## Your goal
Exactly as written, write out the lines below from the first to the one containing "Inaba Churu Bites Joint", inclusive. Pictures do not belong in the copy.

[Dataset items]
****************************************

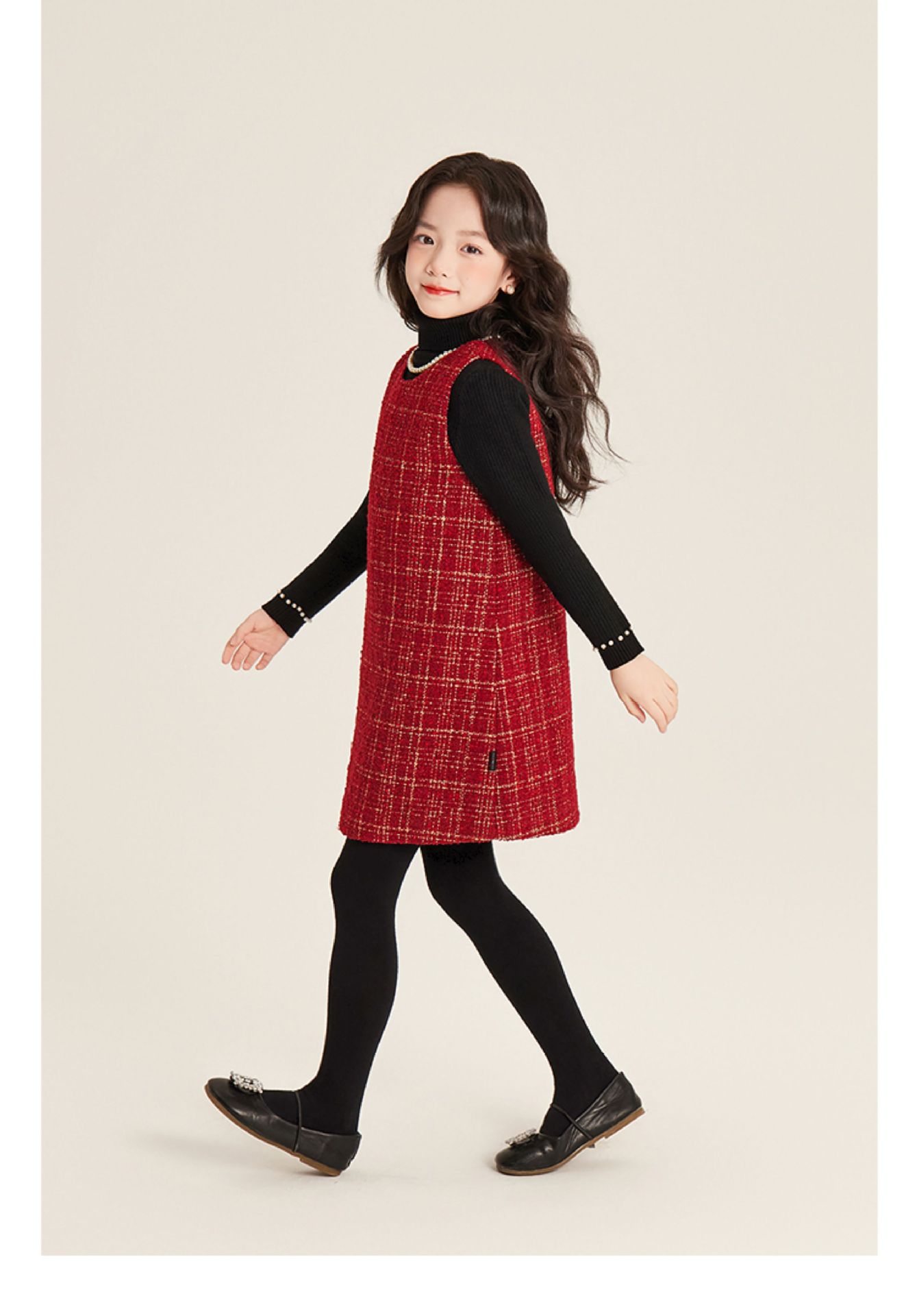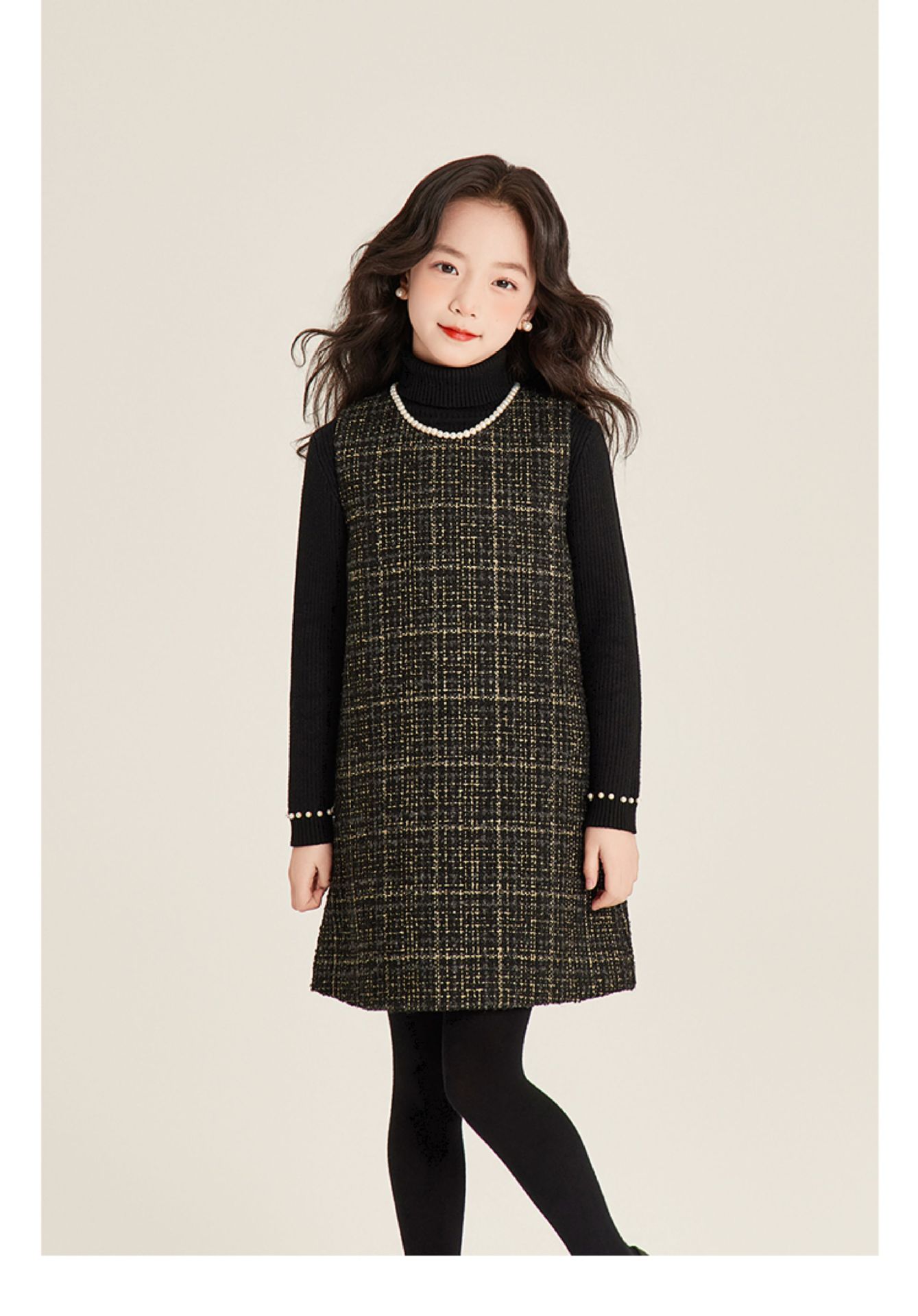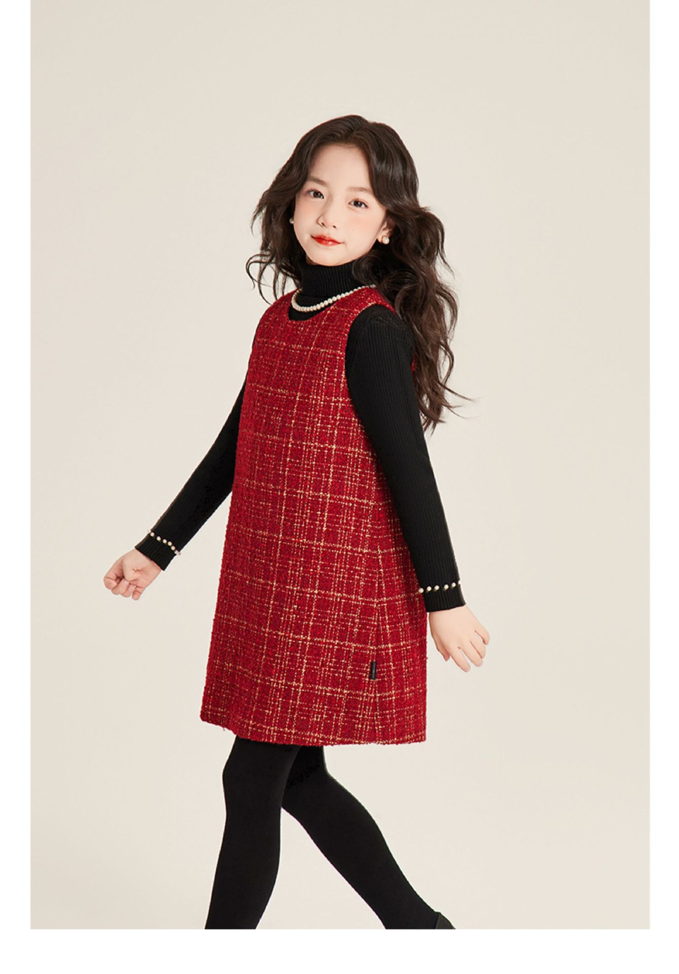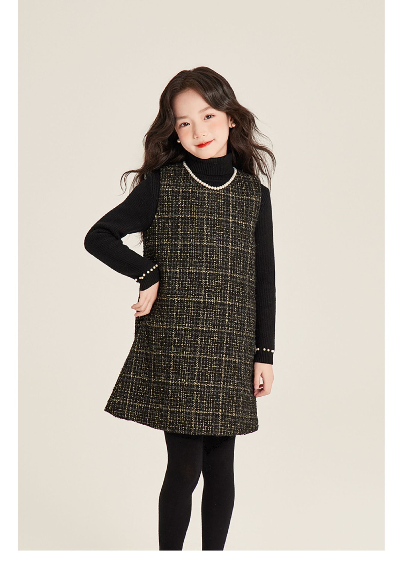 Amybaby 소녀 세트 겨울 2024 새로운 패션 작은 향기로운 민소매 둥근 목 조끼 스커트 주름 치마 코트
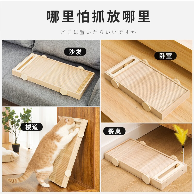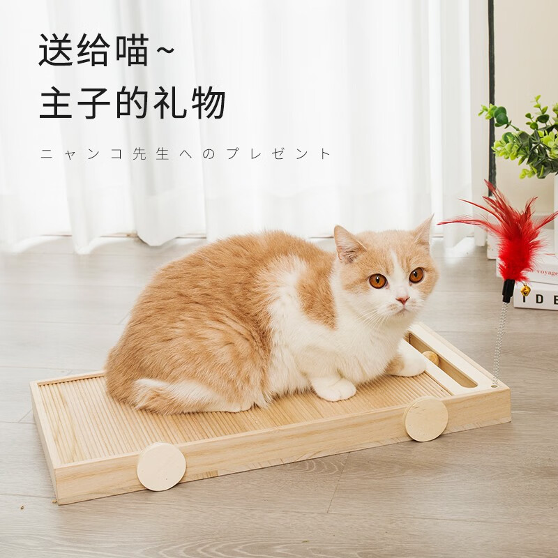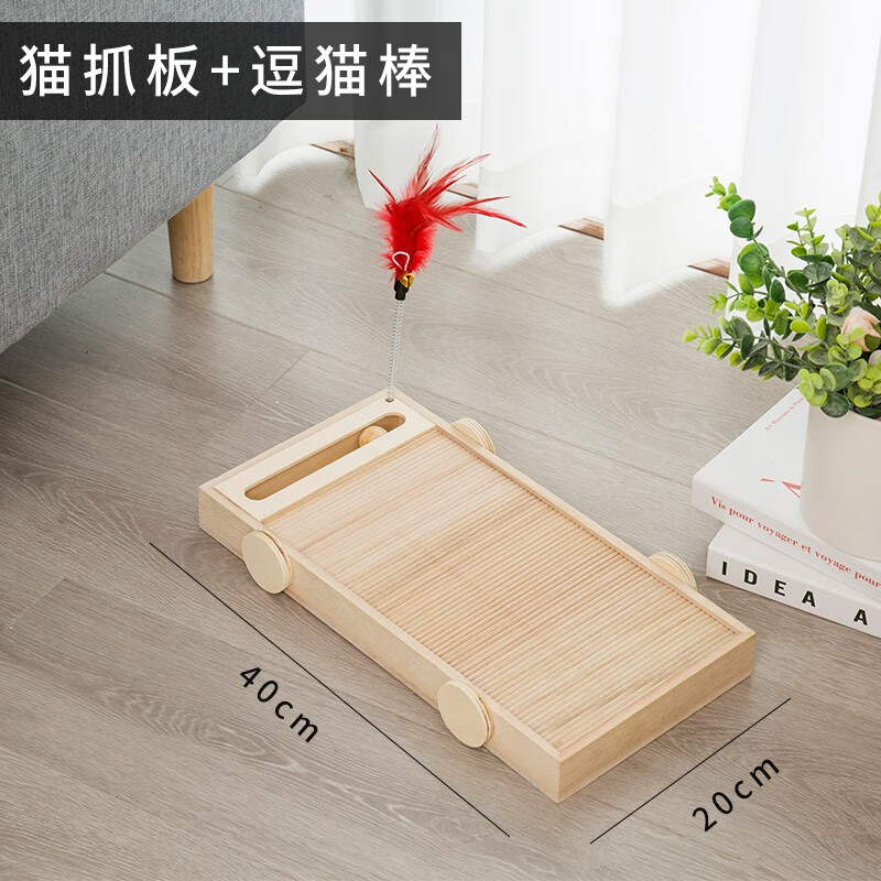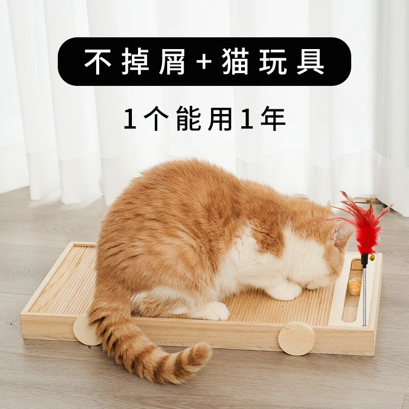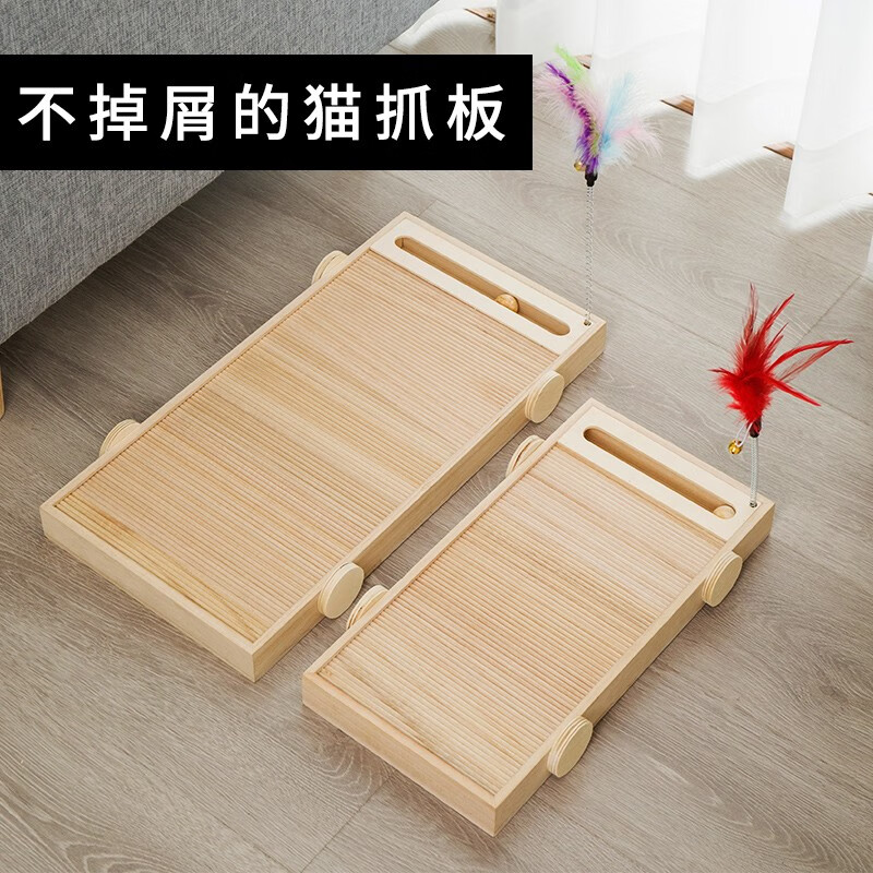 猫抓板不掉屑实木耐磨多功能立式防猫抓沙发保护磨爪猫爪板车玩具立体猫咪用品磨爪子用磨爪猫捉板大号 小号40*20cm6斤以下猫咪
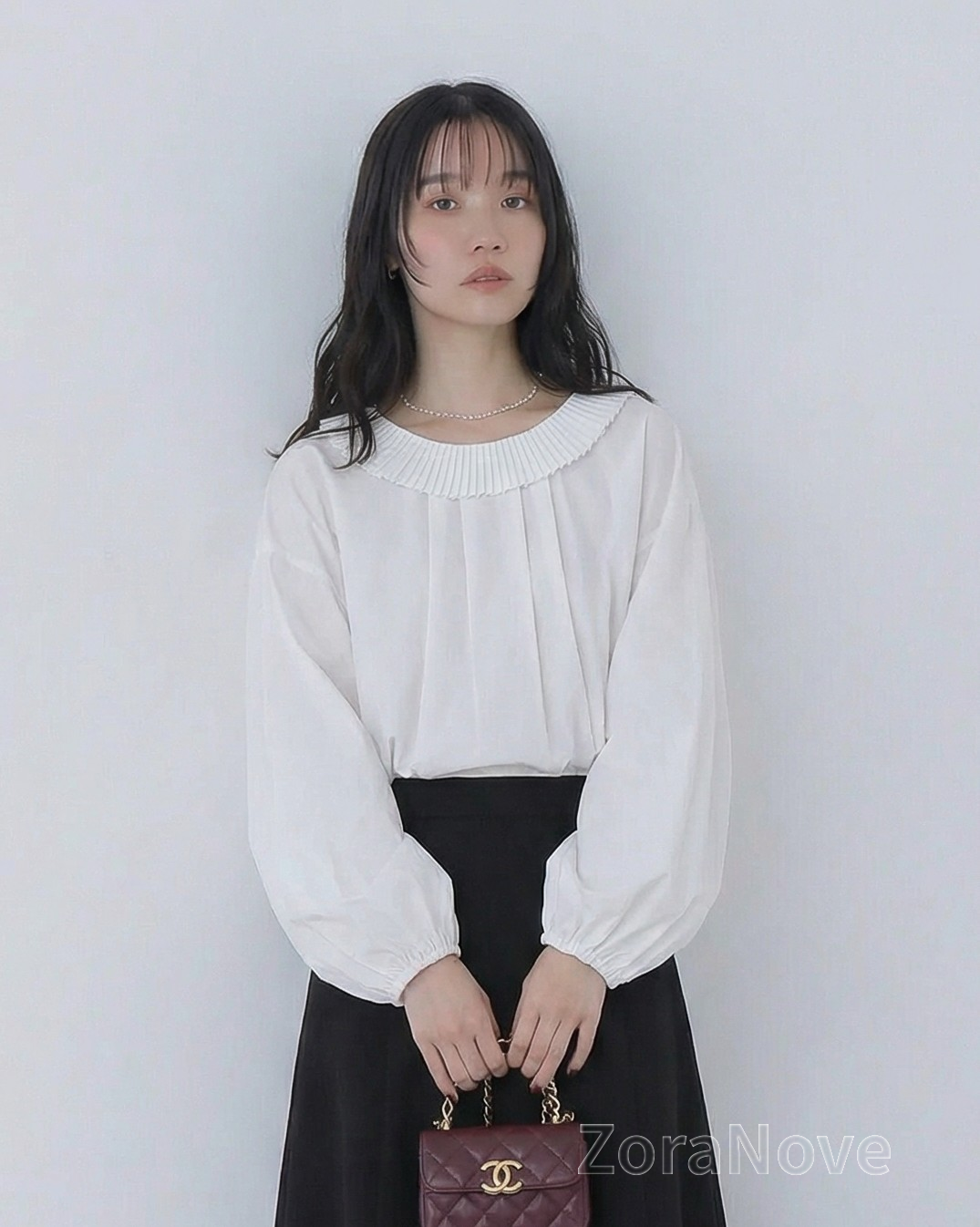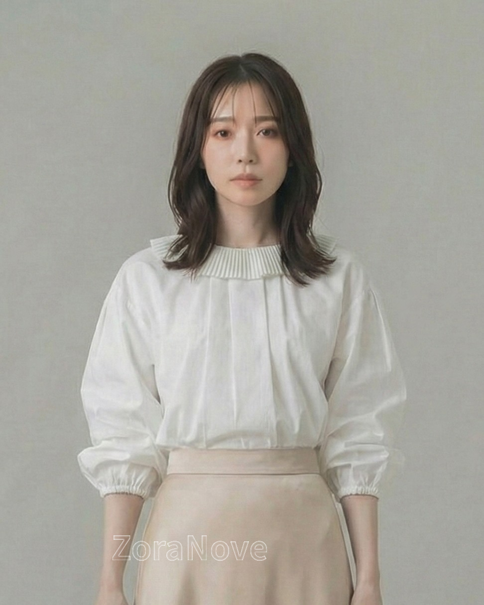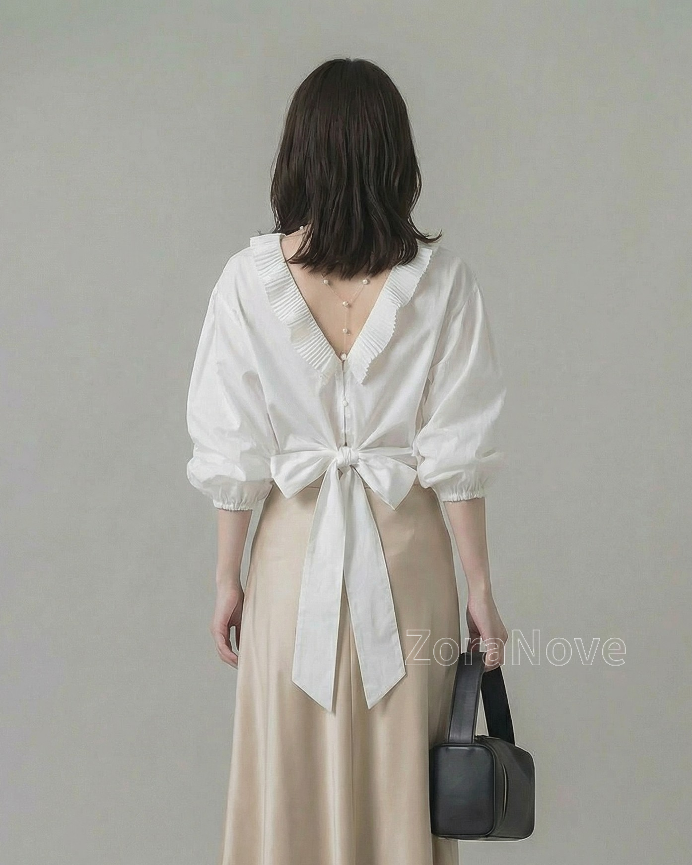領口一圈細密壓褶荷葉邊沿著肩頸自然展開,正面更突顯臉部留白感,背面則勾勒出柔美輪廓。
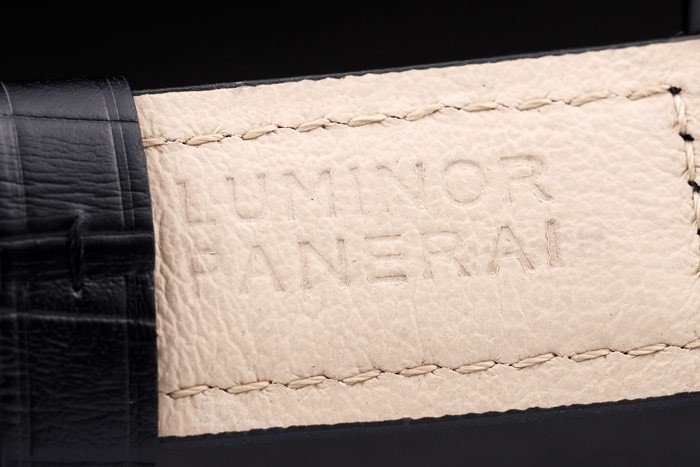 Armband: Schwarzes Krokolederarmband mit Wärme geprägt Luminor Panerai Stempel und ionenplattiert Edelstahl Haken-Schließe mit Panerai engraving
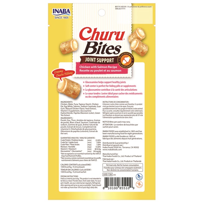 Inaba Churu Bites Joint Support Chicken with Salmon Recipe Dog Treats are made from premium, high-quality ingredients, like real chicken, and salmon. These delicious and functional bite-sized treats are packed with Glucosamine to support your dog's joint health, Vitamin E for their immune system, and Green Tea Extract, an antioxidant. Each soft, pillow-shaped bite combines two irresistible textures: a savoury baked chicken outer layer and a creamy Churu puree center that dogs love. Plus, they are grain-free, preservative-free, and free from artificial colours. These tubes are perfect to pack for training sessions or walks at the park, or to use as a way to hide their pills or supplements. Treat your pup with the perfect blend of taste, texture, and joint-supporting goodness with Inaba Churu Bites for Dogs.
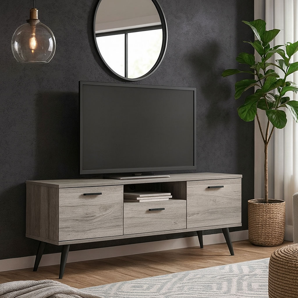 Είναι κατασκευασμένο από μοριοσανίδα (νοβοπάν), ένα παράγωγο ξύλου από μικρά κομμάτια ξύλου και πριονίδι. Εξωτερικά έχει επένδυση μελαμίνης, η οποία προσφέρει ανθεκτικότητα στα γρατζουνίσματα, στην τριβή και στα διαβρωτικά. Διαθέτει τους απαραίτητους χώρους για την οργάνωση και αποθήκευση μικροαντικειμένων. Σύμφωνα με τις διαστάσεις του, είναι κατάλληλο για τοποθέτηση τηλεόρασης μεγέθους έως και 65" καθώς προτείνεται να είναι ελαφρώς πιο πλατύ από την τηλεόραση.
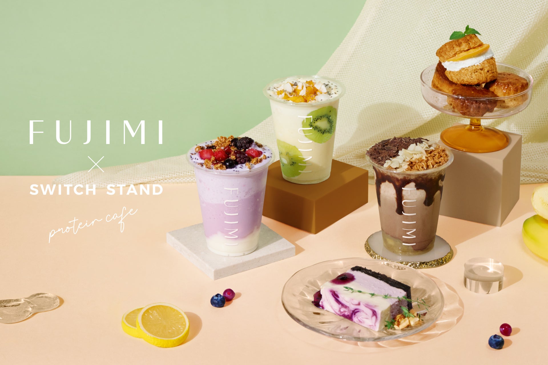 「FUJIMI×SWITCH STAND」では、「SWITCH STAND」の通常商品に加えて、共同でレシピ開発をした、FUJIMIプロテイン使用のオリジナル『プロテインスムージー』と『プロテインスイーツ』を販売いたします。

****************************************

## Task result
 Amybaby 소녀 세트 겨울 2024 새로운 패션 작은 향기로운 민소매 둥근 목 조끼 스커트 주름 치마 코트
 猫抓板不掉屑实木耐磨多功能立式防猫抓沙发保护磨爪猫爪板车玩具立体猫咪用品磨爪子用磨爪猫捉板大号 小号40*20cm6斤以下猫咪
領口一圈細密壓褶荷葉邊沿著肩頸自然展開,正面更突顯臉部留白感,背面則勾勒出柔美輪廓。
 Armband: Schwarzes Krokolederarmband mit Wärme geprägt Luminor Panerai Stempel und ionenplattiert Edelstahl Haken-Schließe mit Panerai engraving
 Inaba Churu Bites Joint Support Chicken with Salmon Recipe Dog Treats are made from premium, high-quality ingredients, like real chicken, and salmon. These delicious and functional bite-sized treats are packed with Glucosamine to support your dog's joint health, Vitamin E for their immune system, and Green Tea Extract, an antioxidant. Each soft, pillow-shaped bite combines two irresistible textures: a savoury baked chicken outer layer and a creamy Churu puree center that dogs love. Plus, they are grain-free, preservative-free, and free from artificial colours. These tubes are perfect to pack for training sessions or walks at the park, or to use as a way to hide their pills or supplements. Treat your pup with the perfect blend of taste, texture, and joint-supporting goodness with Inaba Churu Bites for Dogs.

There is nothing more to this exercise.